Algorithm Implementation Reference
k-means-C' Python Code Repository (not optimized*) Lücke & Forster, 2019
var-k-means-X Python Code Repository (not optimized*) Forster & Lücke, 2018
var-k-means-S Python Code Repository (not optimized*) Forster & Lücke, 2018
var-GMM-X Python Code Repository (not optimized*) Forster & Lücke, 2018
var-GMM-S Python Code Repository (not optimized*)
C++ Code Repository (optimized)
Forster & Lücke, 2018
Hirschberger et al., 2022
vc-GMM C++ Code Repository (optimized) Hirschberger et al., 2022

*the Python code is not optimized for real-time execution speed, but for analysis and research only.

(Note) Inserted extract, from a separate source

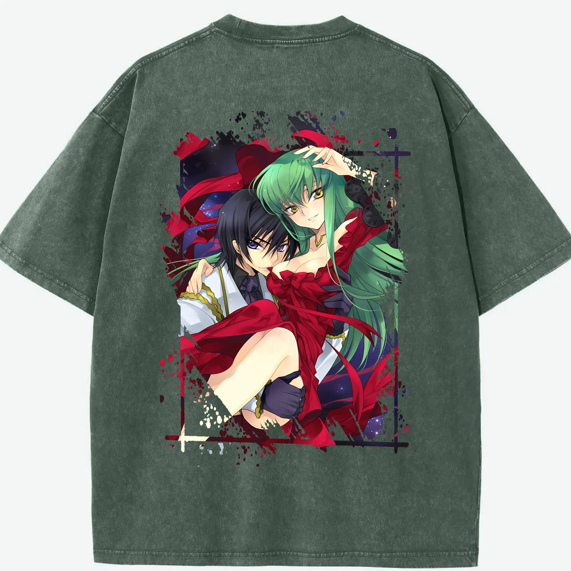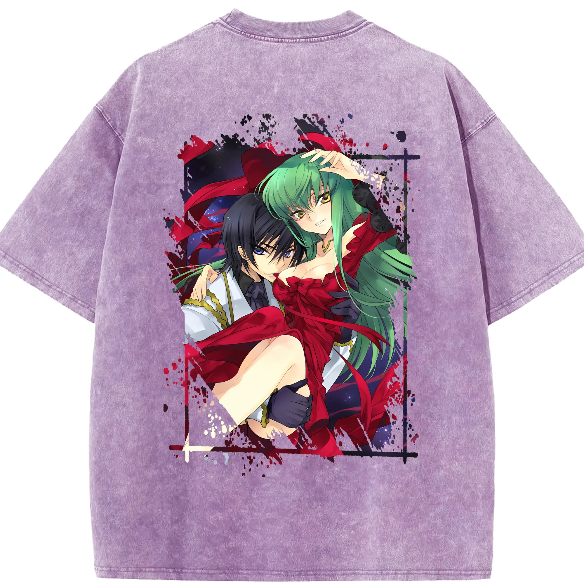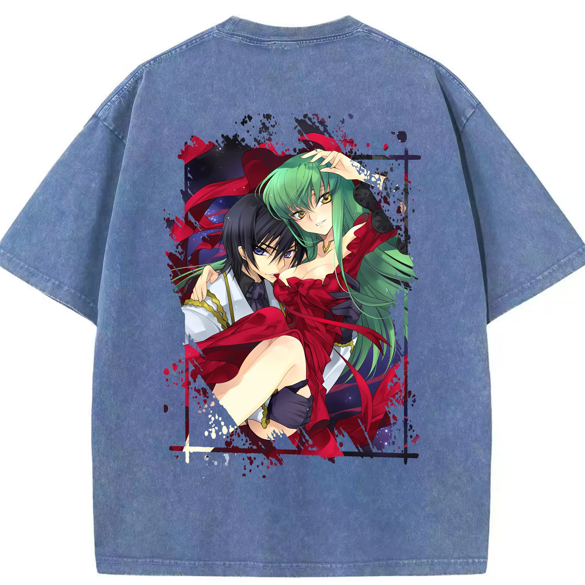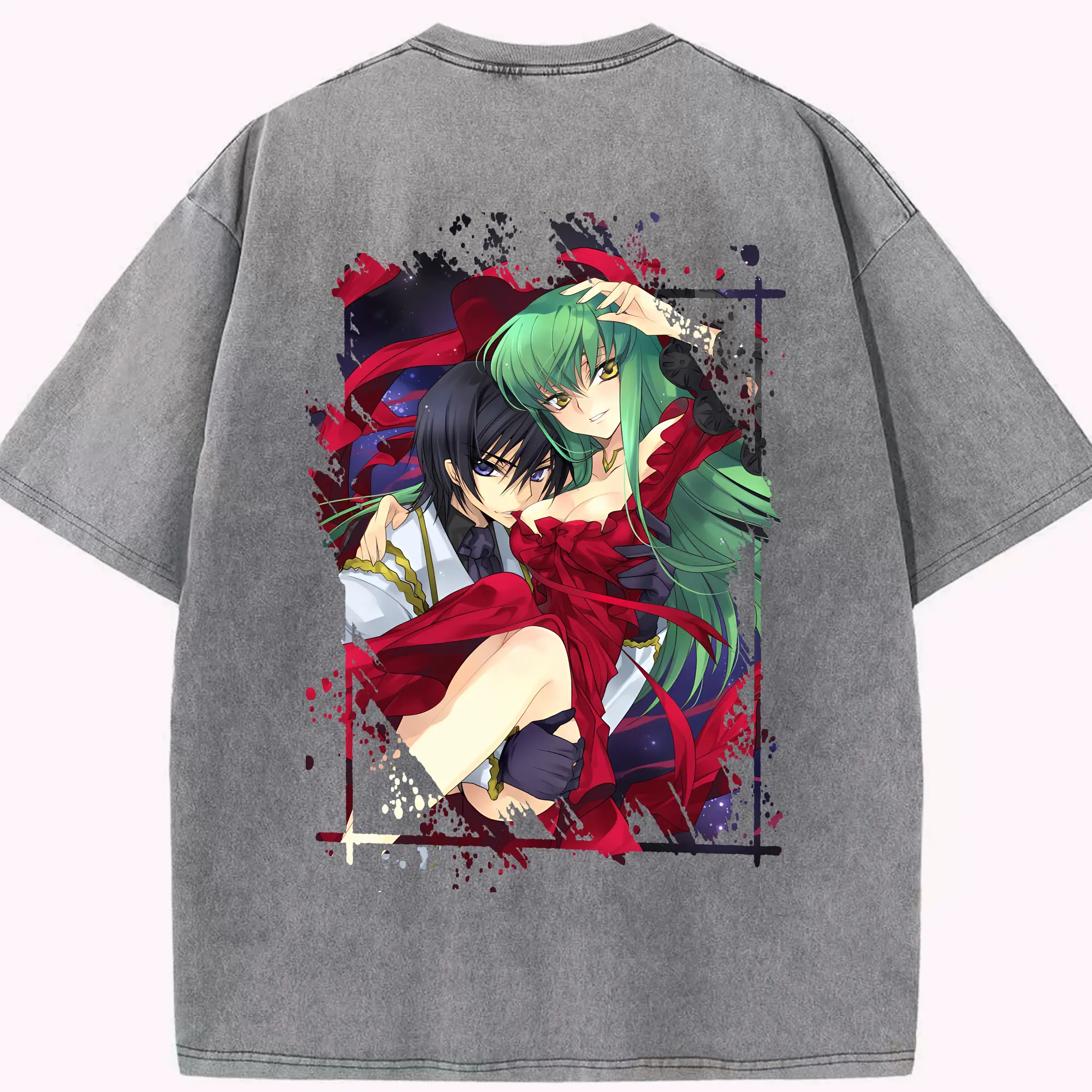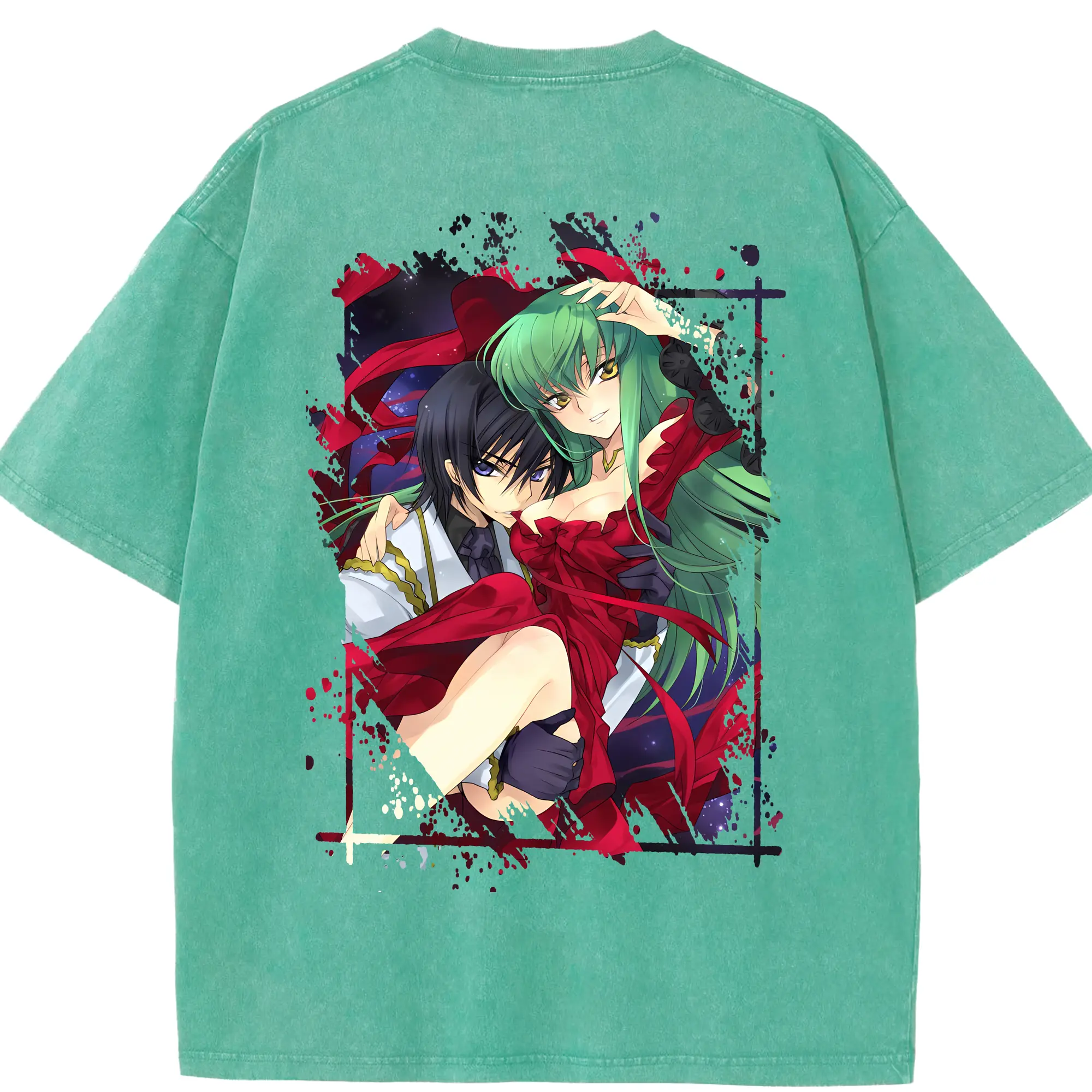 コードギアス 反逆のルルーシュ グッズ シーツー - 綿100% ヴィンテージ風 半袖Tシャツ ・ フロントプリント ・ 柔らか肌触り ・ 通気性 快適 ・ スポーツ カジュアル 外出用

References (own publications)

[Hirschberger et al., 2022]
A Variational EM Acceleration for Efficient Clustering at Very Large Scales
Florian Hirschberger*, Dennis Forster*, Jörg Lücke.
IEEE Transactions on Pattern Analysis and Machine Intelligence 44(12):9787-9801, 2022.
*joint first authors.

[Lücke & Forster, 2019]
k-means as a variational EM approximation of Gaussian mixture models
Jörg Lücke and Dennis Forster, Pattern Recognition Letters, 2019.

[Lücke, 2019]
Truncated Variational Expectation Maximization
Jörg Lücke, arXiv:1610.03113, 2019.

[Forster & Lücke, 2018]
Can clustering scale sublinearly with its clusters? A variational EM acceleration of GMMs and k-means
Dennis Forster and Jörg Lücke, AISTATS, 2018.